What you need to do |
Verbatim output of the lines below is required, with the images omitted.

Stored data |
******************************

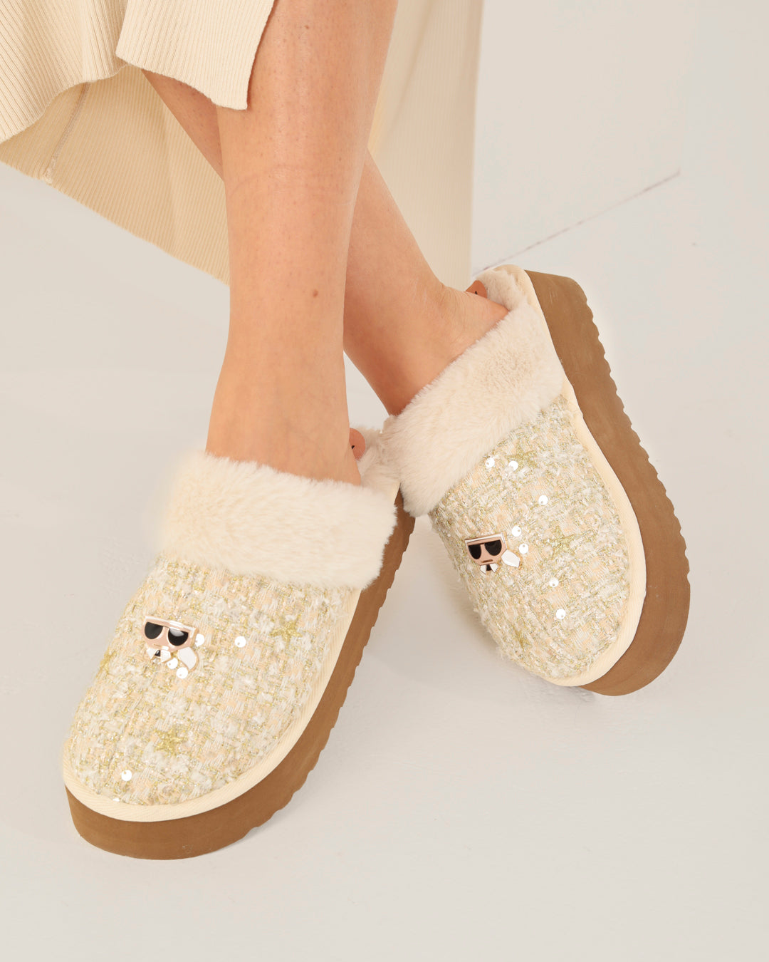 Zapatos con suela de plataforma de estilo chunky que combina comodidad extrema y altura. El tejido tweed iridiscente con destellos dorados y el forro de pelo sintético hacen de este el calzado ideal para un lujo acogedor.
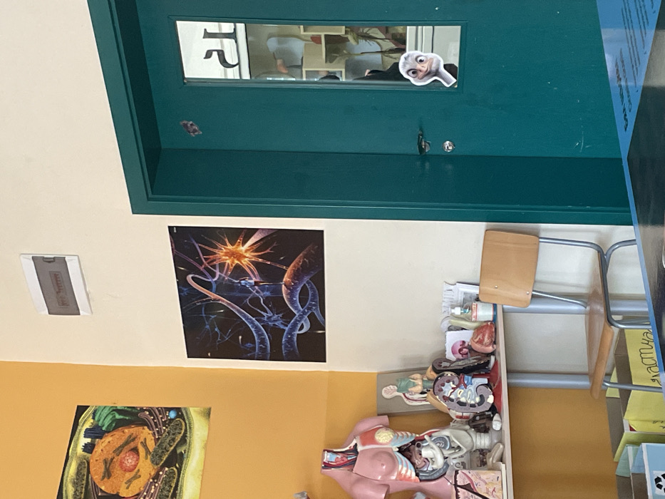 The image displays an interior room, identified as being in Panagyurishte, Bulgaria, likely a classroom or laboratory. The left wall is painted orange-yellow, meeting a cream-colored wall at a corner. On the orange-yellow wall, a poster depicts a detailed biological cell, possibly a plant cell, with various organelles. On the cream wall, another poster features an abstract representation of biological structures, resembling neurons or a neural network, with interconnected tubes and a central bright, star-like formation. A small, indistinct human-like figure is depicted standing on one of the tubular structures. Above this poster, a white, rectangular electrical circuit breaker box is mounted high on the wall. A light-colored table is positioned against the corner. On its surface, several anatomical models are arranged. Dominating the left side is a large, open human torso model, showing internal organs such as lungs, heart, digestive tract, and reproductive organs. To the right of the torso model, smaller anatomical models are visible, including a human brain and a bisected kidney demonstrating internal structure. A framed illustration of internal human anatomy leans against the wall behind these models. Various other small items, including bottles (some containing liquids like hand sanitizer) and papers, are also on the table. A wooden chair with a metal frame is situated next to the table. Partially visible beneath the table are two yellow cardboard boxes, each displaying Cyrillic script. A teal-colored door is on the right side of the frame. It has a silver handle and a lock mechanism. The door features a rectangular window pane. A small, dark, irregular sticker is affixed to the door frame just above the window. A white-outlined sticker of a cartoon ostrich head, facing left, is placed on the lower part of the window pane. Through the window, reflections show elements of an adjacent room or hallway, including what appears to be a sign or whiteboard with discernible Cyrillic characters, specifically "Л" and "Я". Blurred shapes consistent with shelving or cabinetry and some green foliage are also visible in the reflection. A faint, indistinct reflection of a person wearing a light-colored upper garment is present within the window.
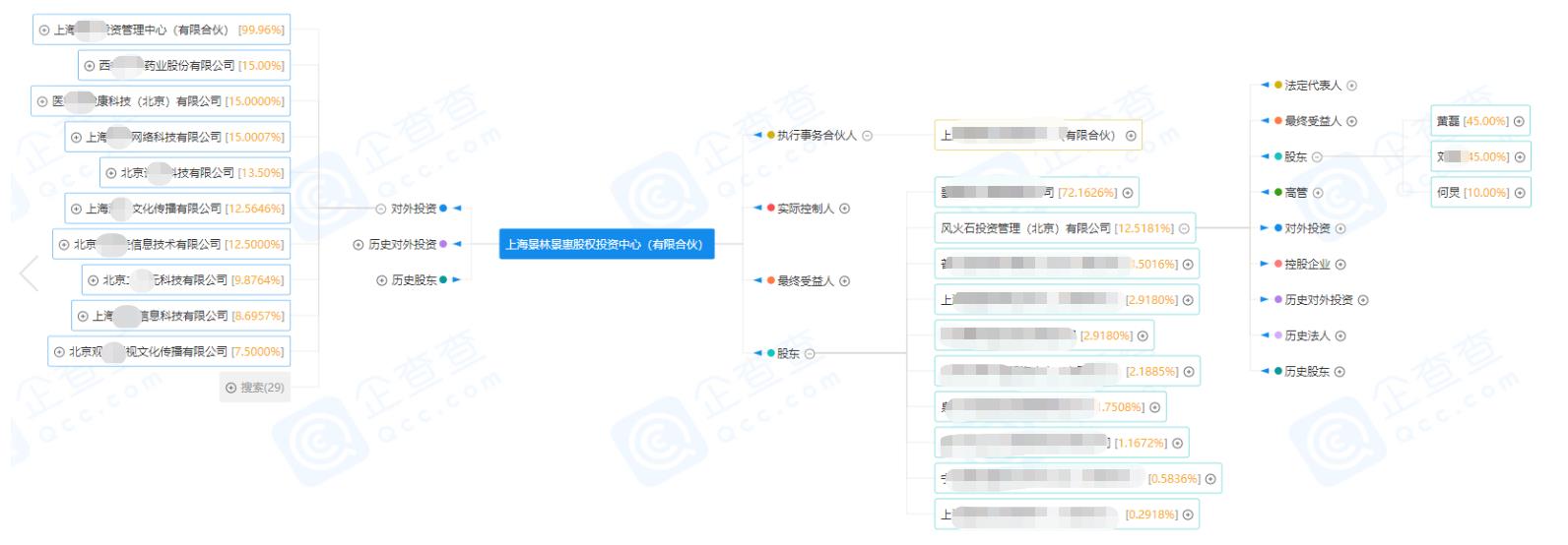 而通过这个风火石投资,两人还间接持股了29家企业,其中有做医药的、医疗器械的、综艺节目的、电视剧电影的。动漫的、在线教育的等等。

******************************

Problem solution |
 Zapatos con suela de plataforma de estilo chunky que combina comodidad extrema y altura. El tejido tweed iridiscente con destellos dorados y el forro de pelo sintético hacen de este el calzado ideal para un lujo acogedor.
 The image displays an interior room, identified as being in Panagyurishte, Bulgaria, likely a classroom or laboratory. The left wall is painted orange-yellow, meeting a cream-colored wall at a corner. On the orange-yellow wall, a poster depicts a detailed biological cell, possibly a plant cell, with various organelles. On the cream wall, another poster features an abstract representation of biological structures, resembling neurons or a neural network, with interconnected tubes and a central bright, star-like formation. A small, indistinct human-like figure is depicted standing on one of the tubular structures. Above this poster, a white, rectangular electrical circuit breaker box is mounted high on the wall. A light-colored table is positioned against the corner. On its surface, several anatomical models are arranged. Dominating the left side is a large, open human torso model, showing internal organs such as lungs, heart, digestive tract, and reproductive organs. To the right of the torso model, smaller anatomical models are visible, including a human brain and a bisected kidney demonstrating internal structure. A framed illustration of internal human anatomy leans against the wall behind these models. Various other small items, including bottles (some containing liquids like hand sanitizer) and papers, are also on the table. A wooden chair with a metal frame is situated next to the table. Partially visible beneath the table are two yellow cardboard boxes, each displaying Cyrillic script. A teal-colored door is on the right side of the frame. It has a silver handle and a lock mechanism. The door features a rectangular window pane. A small, dark, irregular sticker is affixed to the door frame just above the window. A white-outlined sticker of a cartoon ostrich head, facing left, is placed on the lower part of the window pane. Through the window, reflections show elements of an adjacent room or hallway, including what appears to be a sign or whiteboard with discernible Cyrillic characters, specifically "Л" and "Я". Blurred shapes consistent with shelving or cabinetry and some green foliage are also visible in the reflection. A faint, indistinct reflection of a person wearing a light-colored upper garment is present within the window.
 而通过这个风火石投资,两人还间接持股了29家企业,其中有做医药的、医疗器械的、综艺节目的、电视剧电影的。动漫的、在线教育的等等。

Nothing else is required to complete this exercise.